It has been said that the overall turnout (54%) in the smacking referendum provides no mandate.
If this were true, no city or regional council has a mandate to govern today and all should resign pending a fresh election, as those results are decided on turnouts of fewer than 50%.
But more significantly, here’s something else to keep in mind.
More than 1.4 million people voted ‘No’ on the referendum.
In the 1999 election that swept Labour’s Helen Clark to power, 800,199 people voted Labour.
In the same 1999 election, 629,932 voted National.
In other words, the no vote in the referendum is almost double (75% higher in fact), than the number of voters who gave Helen Clark a mandate to run New Zealand for three years.
It is more than double (130% higher in fact), than the number of people who voted National in 1999.
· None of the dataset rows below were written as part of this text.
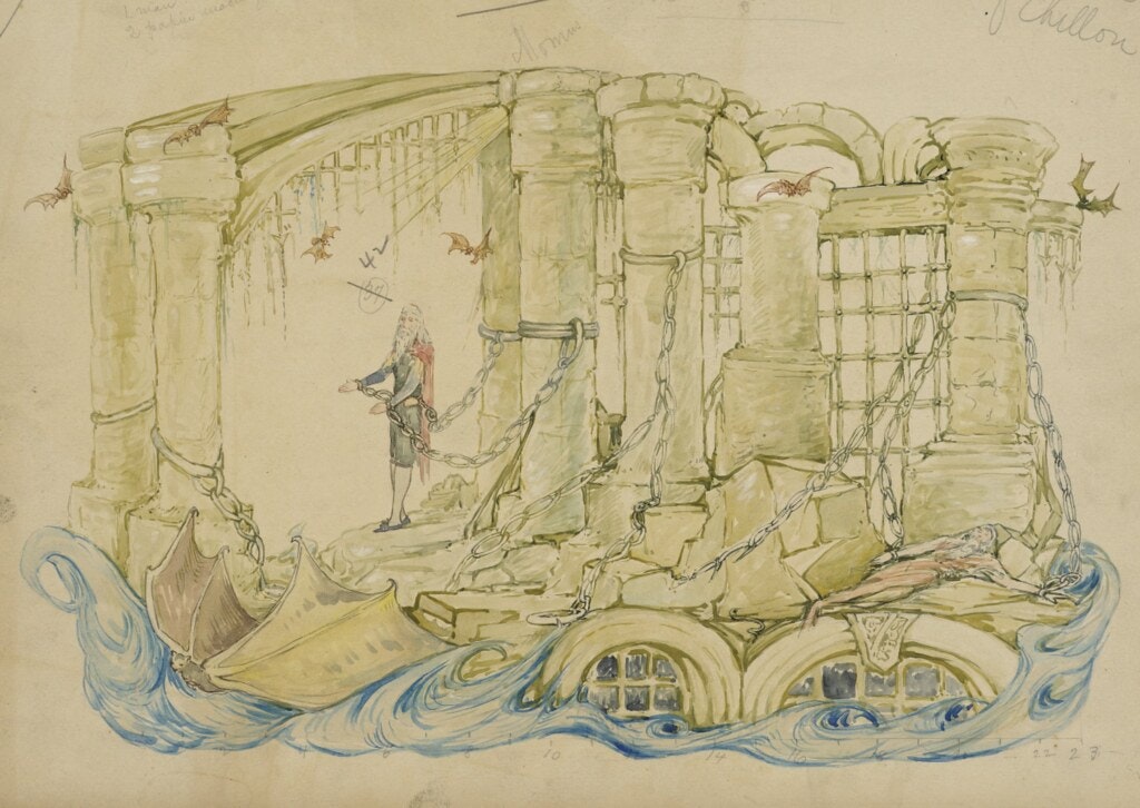 “The Prisoner of Chillon” float design by Jennie Wilde for the “Byron” theme, Knights of Momus, 1902: Carnival Collection, Louisiana Research Collection, Tulane University — Source
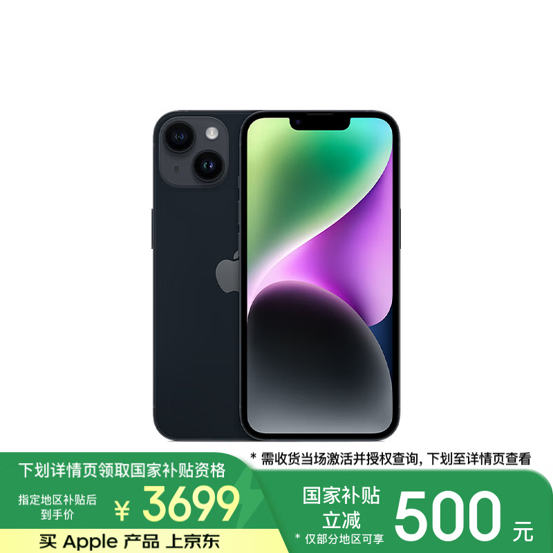 iPhone 14系列 A2884 5G手机 128GB 午夜色 秒杀价3678元
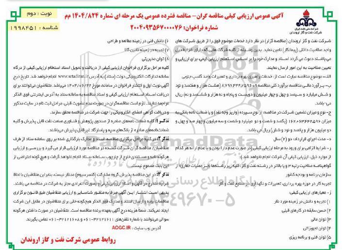 شرکت نفت و گاز اروندان (مناقصه گزار) در نظر دارد خدمات موضوع فوق را از طریق شرکتهای واجد صلاحیت داخلی (پیمانکار) تامین نماید. بدین وسیله از کلیه شرکت هایی که دارای شرایط ذیل می باشند دعوت می گردد اسناد و مدارک خود را بر اساس استعلام ارزیابی کیفی، برای ارزیابی و تعیین صلاحیت به این امور ارسال نمایند
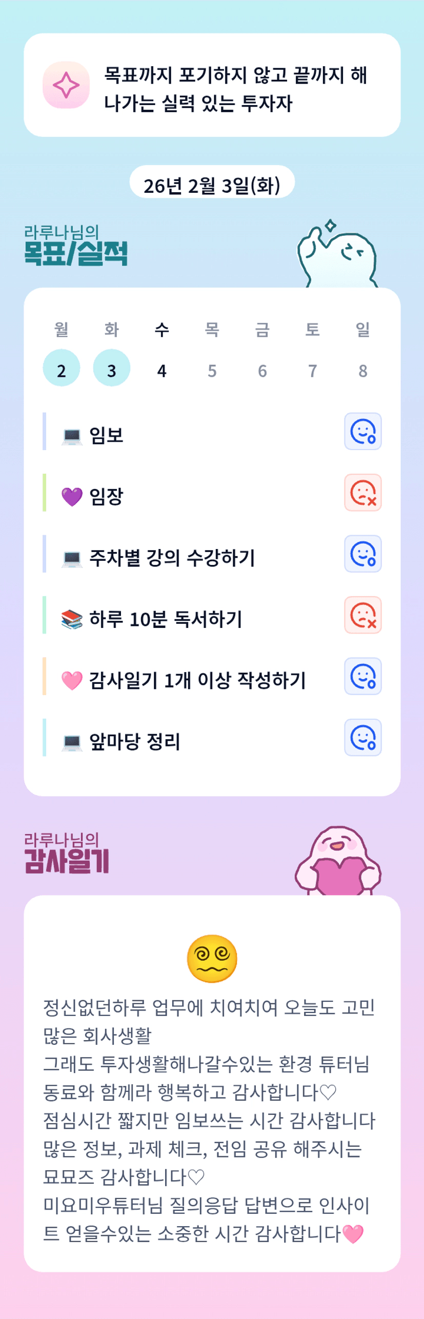짧은 점심시간에도 임보쓰기 ㅠㅠ 넘 대단하십니다.. 항상 응원 많이 보내주시는 루나님... 긍정에너지 많이 보내주셔서 감사합니다. 오늘도 수고하셨습니다^^
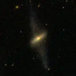 UGC 9796 is a lenticular and polar-ring galaxy in the constellation Boötes, and about 250 million light years distant from Earth. It is an object of great scientific interest as there have been very few polar ring galaxies discovered. UGC 9796 is a very gas-rich environment hosting as much 5×109 solar masses of neutral hydrogen.[4] DSS and SDSS images show that it is very similar to polar ring galaxy NGC 660, the best-known of all the polar ring galaxies.
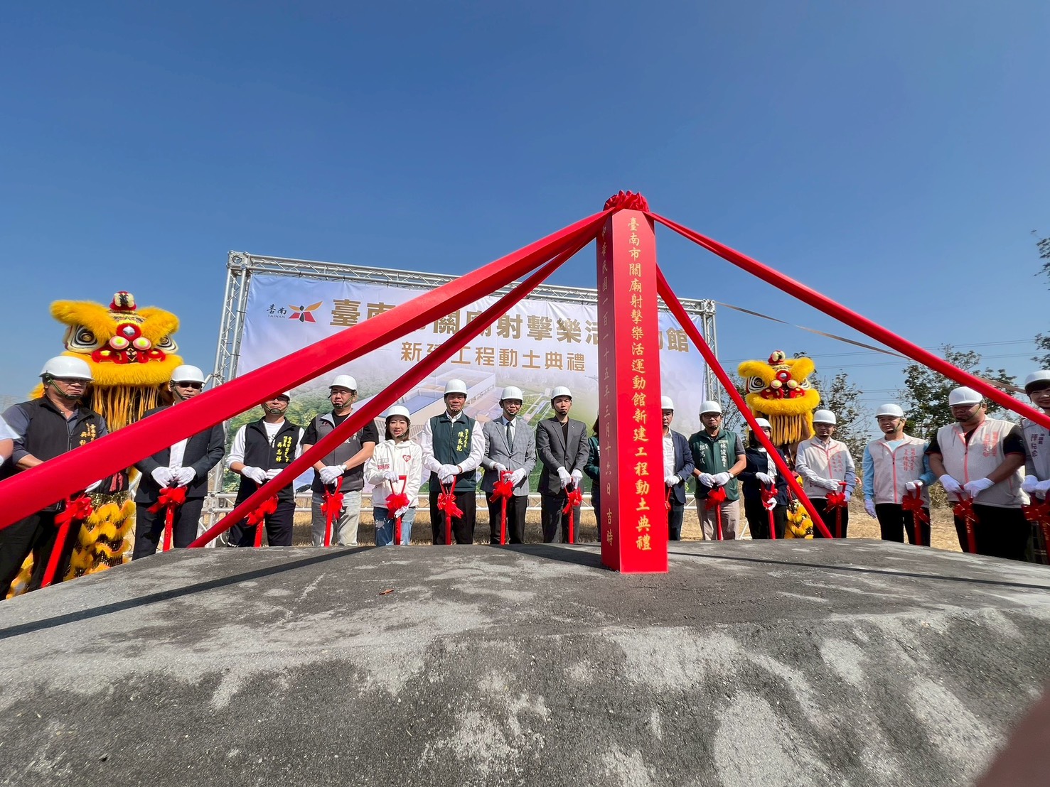 為打造健康運動幸福城市,提供民眾優質、舒適、安全的運動環境,運動部及臺南市政府共同斥資 1.9 億元興建「臺南市關廟射擊樂活運動館」,並於今(16)日隆重舉行動土典禮。由台南市副市長葉澤山代表市長黃偉哲出席、體育局長陳良乾、運動部長李洋、關廟區區長陳必成及多位地方民意代表、體育界人士共同執鏟動土,祈求工程平安順利,預計將於116年底完工。
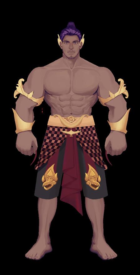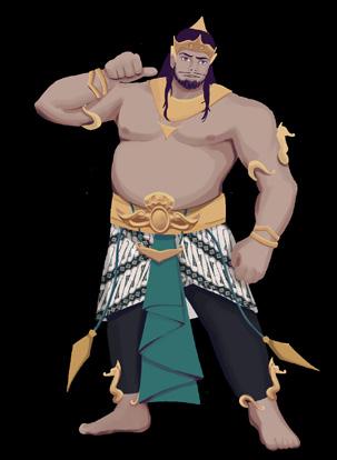 Durasana’s character design has a distinction shape and also the most dominant body shape where he has a large body and also a round stomach. This is based on the circular shape as the primary form of the Dursasana body. This is done by referring to the wayang kulit purwa from the character Dursasana. If you pay attention, the character Dursasana is not shown to have a navel. This is because he is part of a piece of meat that breaks into 100. However, Dursasana is the second oldest brother of the sata Kurawa because
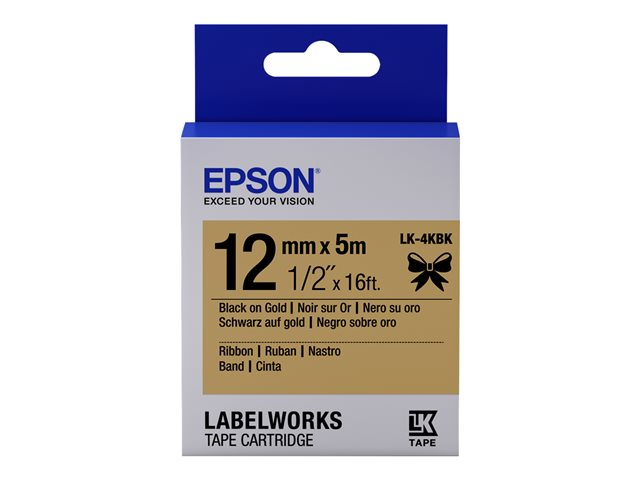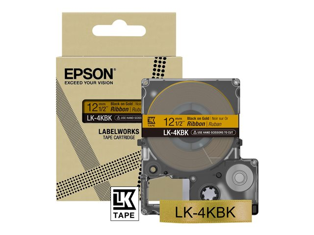 Epson LabelWorks LK-4KBK - Musta kullalla - Rulla (1,2 cm x 5 m) 1 kasetti(a) etikettiteippi malleihin LabelWorks LW-1000, 300, 400, 600, 700, 900, K400, Z5000, Z5010, Z700, Z710, Z900
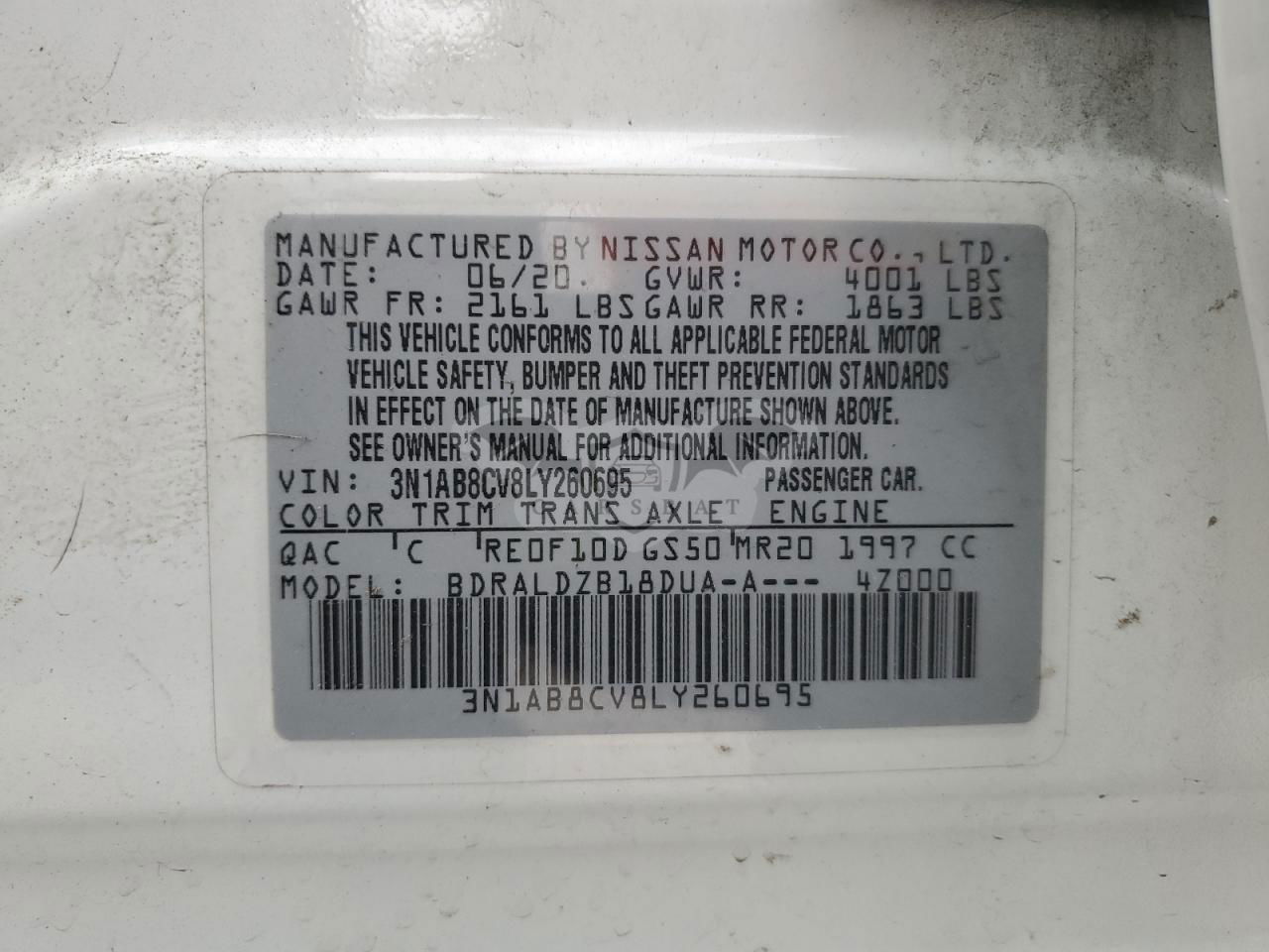 • VIN: 3N1AB8CV8LY260695
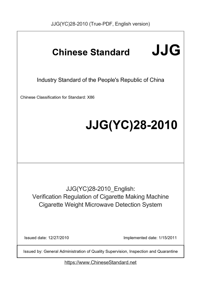 Basic dataStandard ID: JJG(YC)28-2010 (JJG(YC)28-2010)Description (Translated English): Verification Regulation of Cigarette Making Machine Cigarette Weight Microwave Detection System Sector / Industry: Metrology & Measurement Industry Standard Classification of Chinese Standard: X86 Classification of International Standard: 65.16 Word Count Estimation: 11,162 Date of Issue: 12/27/2010 Date of Implementation: 1/15/2011 Regulation (derived from): ?State-Tobacco-Science (2010) 446 Issuing agency(ies): General Administration of Quality Supervision, Inspection and Quarantine Summary: This standard applies to first test the quality of cigarette cigarette machine microwave detection system, follow-up testing and use Tips & Frequently Asked Questions:Question 1: How long will the true-PDF of JJG(YC)28-2010_English be delivered?Answer: Upon your order, we will start to translate JJG(YC)28-2010_English as soon as possible, and keep you informed of the progress. The lead time is typically in 9 seconds (download/delivered in 9 seconds). The lengthier the document the longer the lead time.Question 2: Can I share the purchased PDF of JJG(YC)28-2010_English with my colleagues?Answer: Yes. The purchased PDF of JJG(YC)28-2010_English will be deemed to be sold to your employer/organization who actually pays for it, including your colleagues and your employer's intranet.Question 3: Does the price include tax/VAT?Answer: Yes. Our tax invoice, downloaded/delivered in 9 seconds, includes all tax/VAT and complies with 100+ countries' tax regulations (tax exempted in 100+ countries) -- See Avoidance of Double Taxation Agreements (DTAs): List of DTAs signed between Singapore and 100+ countriesQuestion 4: Do you accept my currency other than USD?Answer: Yes. If you need your currency to be printed on the invoice, please write an email to Sales@ChineseStandard.net. In 2 working-hours, we will create a special link for you to pay in any currencies. Otherwise, follow the normal steps: Add to Cart -- Checkout -- Select your currency to pay. |
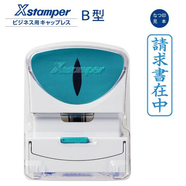 シャチハタ ビジネス用 キャップレス B型 縦 藍色 「請求書在中」枠付き
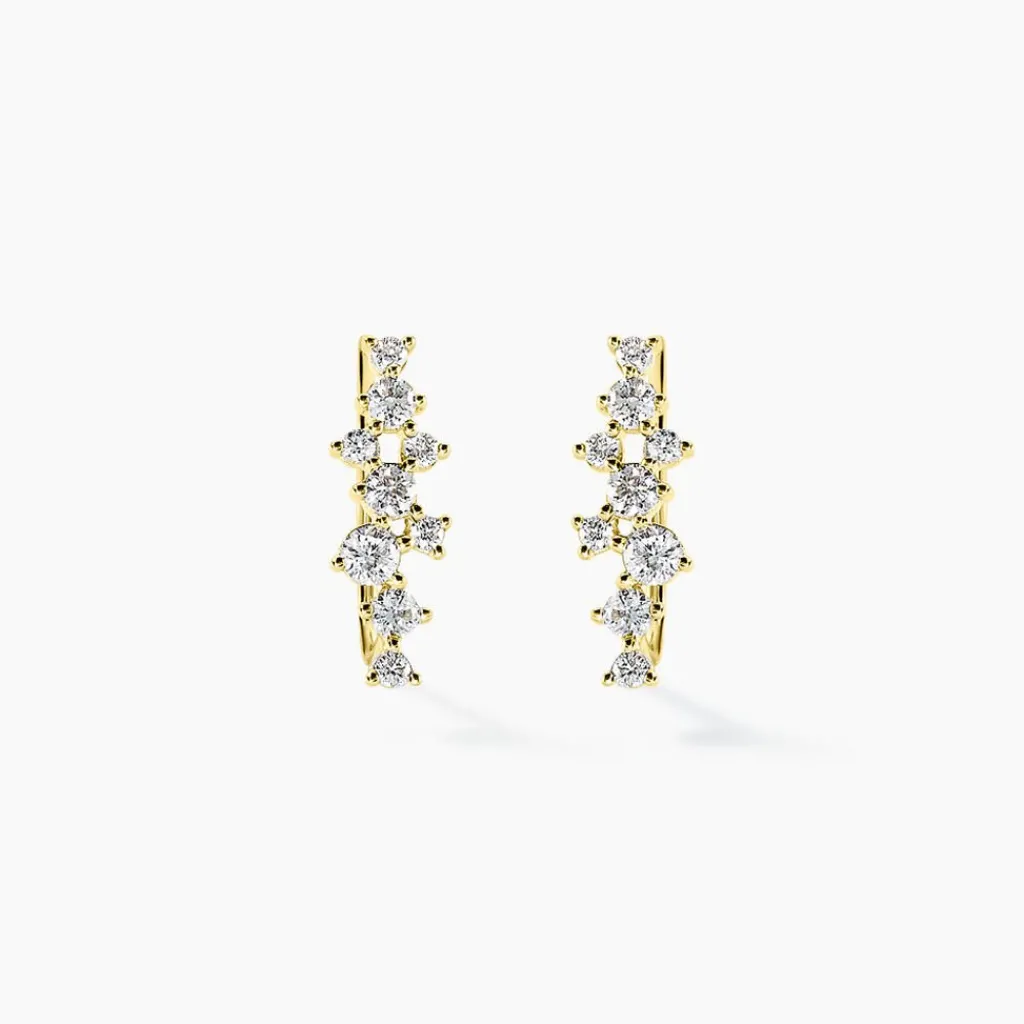 Boucles D’oreilles Grimpantes Or Jaune 375/1000 Diamants Synthetiques 0.131cts Sertis Griffes
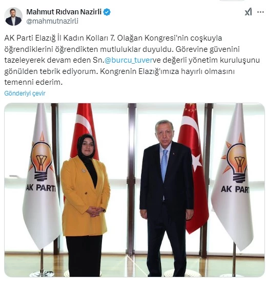 AK Parti Elazığ Milletvekili, TBMM Dışişleri Komisyonu Üyesi, TÜRKPA Grubu Üyesi ve EKVATOR Dostluk Grubu Kurucular Kurulu Başkanı Mahmut Rıdvan Nazırlı, AK Parti Elazığ İl Kadın Kolları 7. Olağan Kongresi ile ilgili sosyal medya hesabından bir açıklama yaptı.
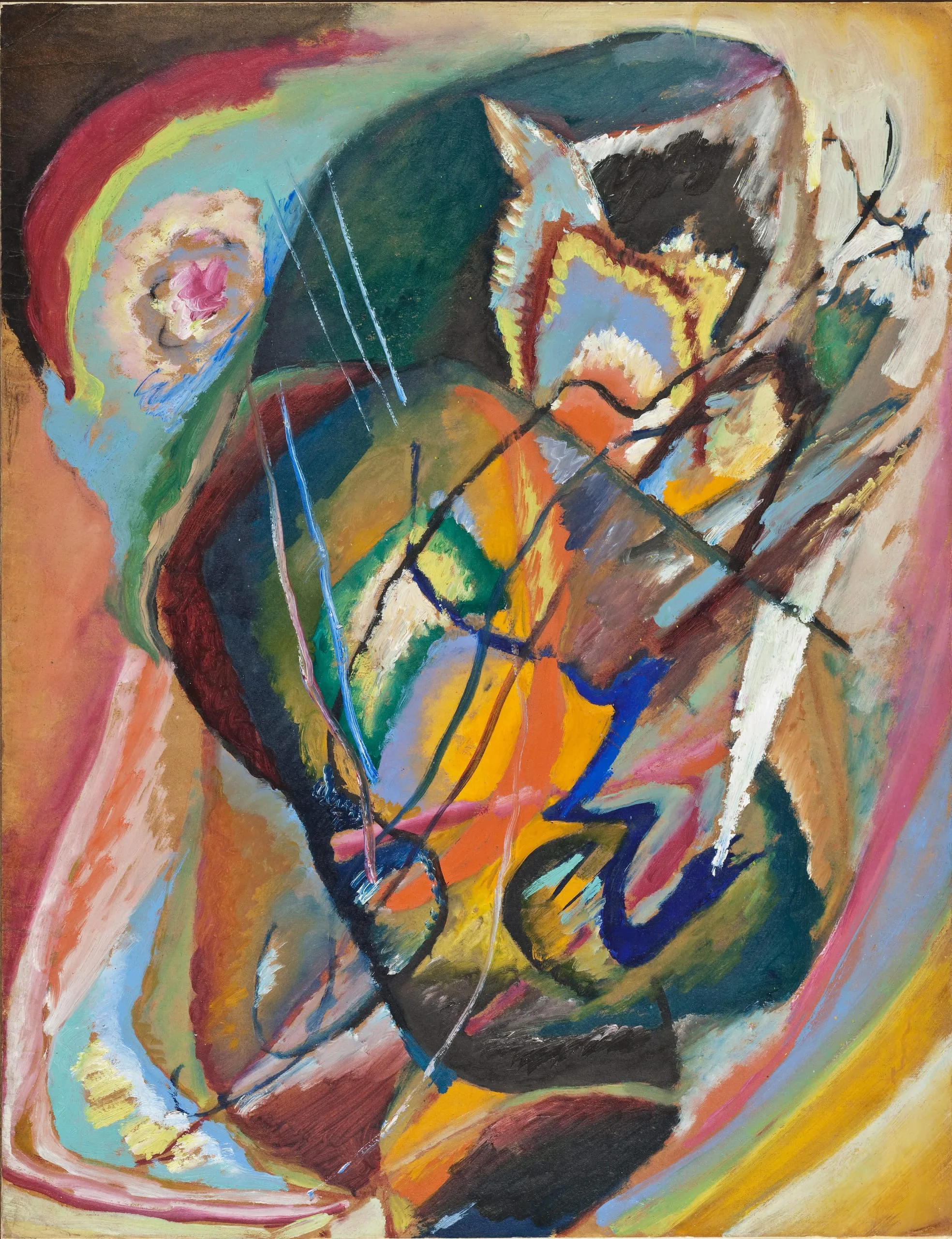This painting, once owned by the artist’s partner and fellow painter, Gabriele Münter, was later acquired by Hans Hofmann, a German painter who brought it to the United States when he emigrated in 1932. Hofmann’s own teaching on abstraction was highly influential to the development of Abstract Expressionism in the United States.

In fact, it may even be that on the final tally, the ‘No’ vote actually exceeds the combined votes of both National and Labour at the 1999 election.
Green Party MP and pro-smacking law campaigner Sue Bradford has tried to argue that if you take into account those who didn’t vote (46%), and add them to the 11% who voted in favour of her own position, that’s a majority of the population who support her and therefore the referendum gives “no mandate” for change.
Taking that logic at face value, if we look at the 1999 election, the number of people who did not vote Labour or did not turn out to vote, clearly outweighs Labour’s 800,000 votes.
Bradford is on a loser if she keeps riding down that path.
Ironically, more people voted No in last night’s referendum than voted in favour of introducing MMP to our electoral system. Does that mean we should declare MMP null and void using Bradford’s logic?
Perhaps, if we did, the Greens would disappear in a puff of (dope) smoke.